Since January this year, a private company has been working alongside the Baltimore Police Department to conduct widespread aerial surveillance and help solve crimes including shootings, murders and hit-and-runs.
However, in a case that has piqued the interest of civil-rights groups such as the ACLU, the existence of the spy plane programme, which is managed by Ohio-based Persistent Surveillance Systems, has remained under-the-radar and highly secretive.
As revealed by Bloomberg, the private surveillance firm offers local Baltimore police support from the sky, and is able to use small Cessna planes equipped with monitoring technology to scan roughly 30-square miles of the city at a time. To date, the police has not acknowledged the programme even exists.
The in-depth investigation into the use of these privately-funded planes showed how the police used Persistent Surveillance Systems to track members of the public who were protesting during the trial of the police officers charged in the death of Freddie Gray.
The firm, which reportedly receives daily crime updates from the Baltimore police department, is using a commercialised version of a former military programme called Angel Fire – first developed to track roadside bombs and terror suspects in Iraq.
Ross McNutt, Persistent Surveillance Systems' founder, who retired from the US military in 2007 after working on Angel Fire, later modified the systems to include more cameras and reduce both the cost and weight of the product. However, in bringing the surveillance offering to market, it wasn't all smooth sailing.
One trial-run in Los Angeles was met with backlash by the city's residents once the existence of the airplanes become known – almost a year after the test flights took place. "There is nothing worse than believing you are being observed by a third party unnecessarily," Compton Mayor Aja Brown told the Los Angeles Times at the time.
Eventually the surveillance technology was adopted by the Baltimore cops, which reportedly use the planes for up to 10 hours a day – without any public knowledge or rigorous legal oversight.
However, in the face of privacy concerns, the technology has resulted in not only actionable intelligence – but arrests and convictions. The full scope of the use of spy planes by law enforcement and federal authorities in the US is still coming to light.
Most recently, the FBI, which routinely uses so-called 'eyes in the skies' to track protests and social unrest, released nearly 20 hours of raw footage from its monitoring of the Black Lives Matter protests in April last year
Anticipating the backlash that may occur should the secretive surveillance programme be made public, Bloomberg revealed how Persistent Surveillance Systems' founder visited the ACLU headquarters in Washington last year in an attempt to calm privacy concerns.

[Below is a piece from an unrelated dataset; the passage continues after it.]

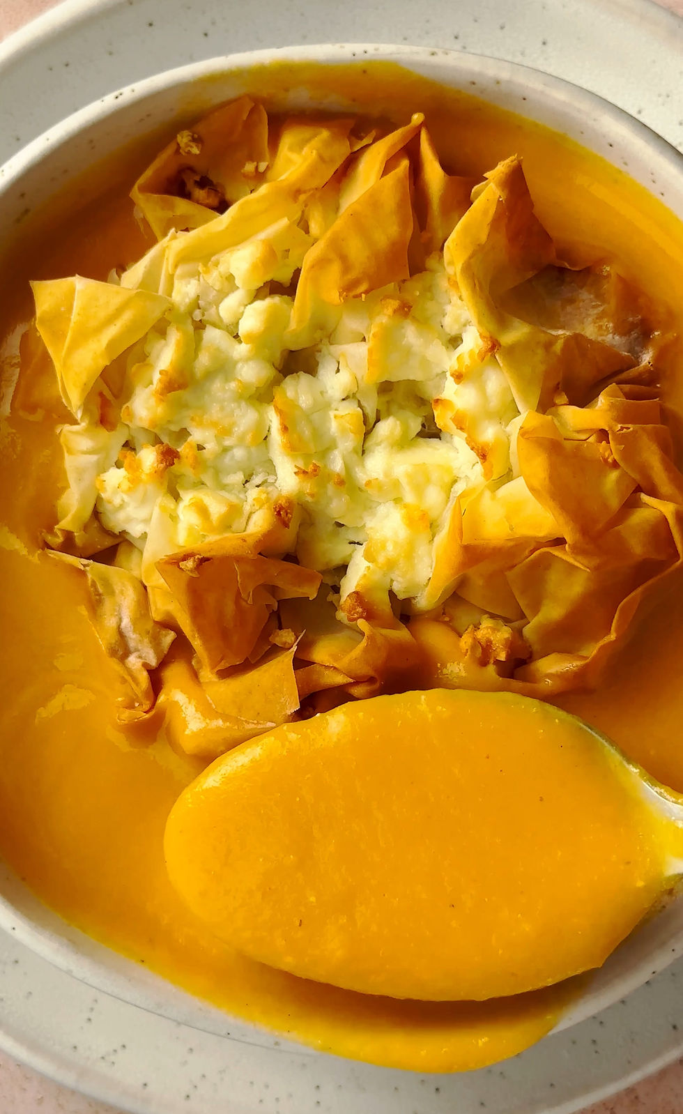 Πεντανόστιμη, βελούδινη σούπα γλυκοπατάτας με καρότα και ξινόμηλο, σερβιρισμένη με τραγανές μίνι τυρόπιτες αντί για κρουτόν! Ένα ζεστό, χειμωνιάτικο comfort γεύμα με απίστευτη νοστιμιά. Οι μίνι τυρόπιτες με φέτα και φύλλο κρούστας απογειώνουν τη σούπα και κάνουν κάθε κουταλιά… εμπειρία. Ιδανική για οικογενειακό τραπέζι ή ένα cosy βράδυ στο σπίτι.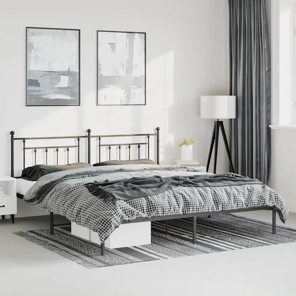 Vidaxl Bed Frame Black Powder-Coated Steel Double Bed Frame

While speaking with Jay Stanley, a senior policy analyst and privacy expert, McNutt reportedly explained how the cameras where not a threat, how the areal images could not identity individual people and that the firm's analysts only zoom in on areas designated by the police.
Stanley remained unconvinced. "I said to myself, 'This is where the rubber hits the road. The technology has finally arrived, and Big Brother, which everyone has always talked about, is finally here,'" he said. When he was informed the planes had been flying over a major US city since the beginning of the year, Stanley added: "I would expect fierce controversy over this."